** Task description **
Only the pictures are dropped; the lines of the material that follow are returned exactly.

START Provided material

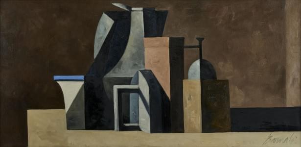 Nature morte au fer à repasser, huile sur toile, 48x99 cm
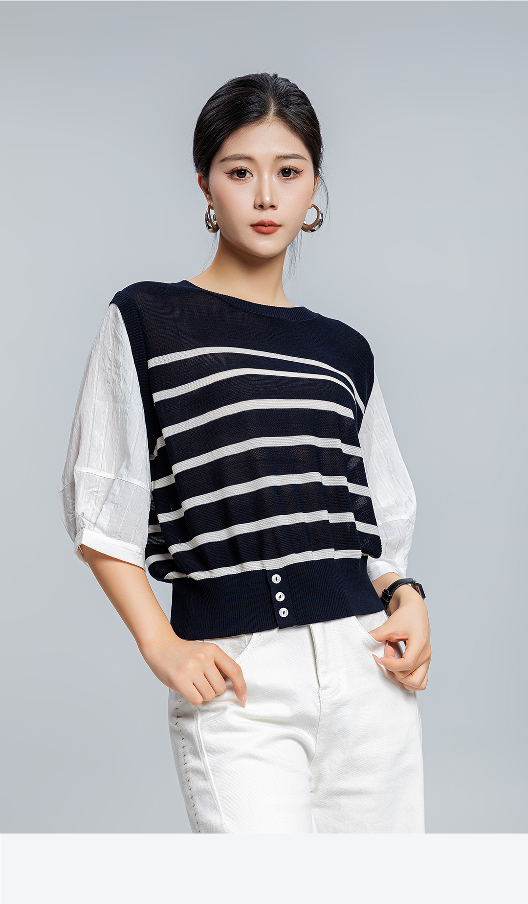 秋上新简约通勤风黑白条纹针织拼接针织衫1253090 商品图3
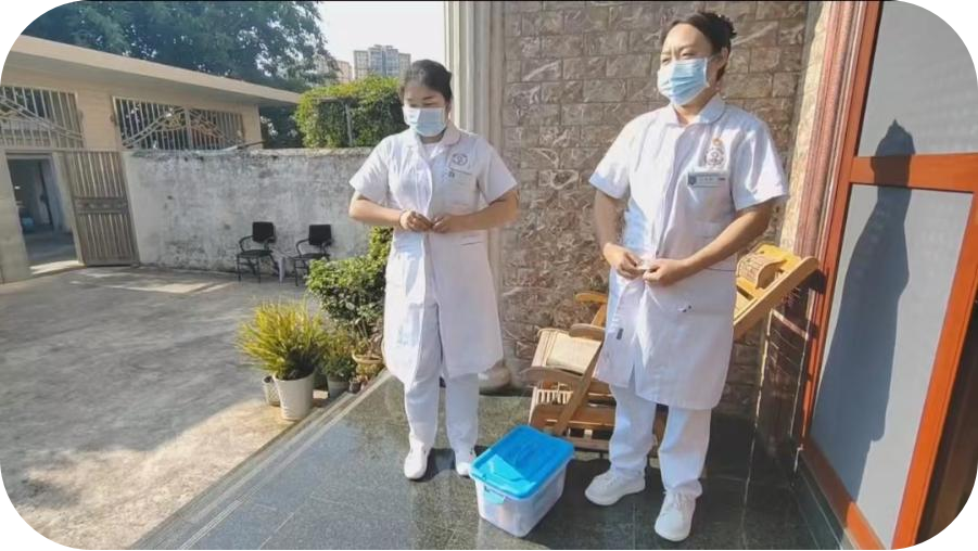 医院接到预约订单后,第一时间与患者家属取得联系,详细询问老人的身体情况后,决定派出执行护士徐瑶、王娇娇为包奶奶上门护理。王娇娇是伤口护理专科护士,徐瑶是伤口造口失禁护理进修护士,她们在伤口造口护理方面拥有丰富经验,擅长对患者急慢性伤口进行评估、测量、处理及健康教育,能处理各类术后伤口并发症(如感染、出血、淋巴皮下积液、吻合口漏、咽漏等)。
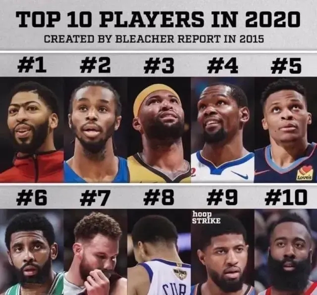 都错了?美媒晒2015年预测的2020前十球员:无老詹,维金斯考辛斯前三!

END Provided material

** Solution **
 Nature morte au fer à repasser, huile sur toile, 48x99 cm
 秋上新简约通勤风黑白条纹针织拼接针织衫1253090 商品图3
 医院接到预约订单后,第一时间与患者家属取得联系,详细询问老人的身体情况后,决定派出执行护士徐瑶、王娇娇为包奶奶上门护理。王娇娇是伤口护理专科护士,徐瑶是伤口造口失禁护理进修护士,她们在伤口造口护理方面拥有丰富经验,擅长对患者急慢性伤口进行评估、测量、处理及健康教育,能处理各类术后伤口并发症(如感染、出血、淋巴皮下积液、吻合口漏、咽漏等)。
 都错了?美媒晒2015年预测的2020前十球员:无老詹,维金斯考辛斯前三!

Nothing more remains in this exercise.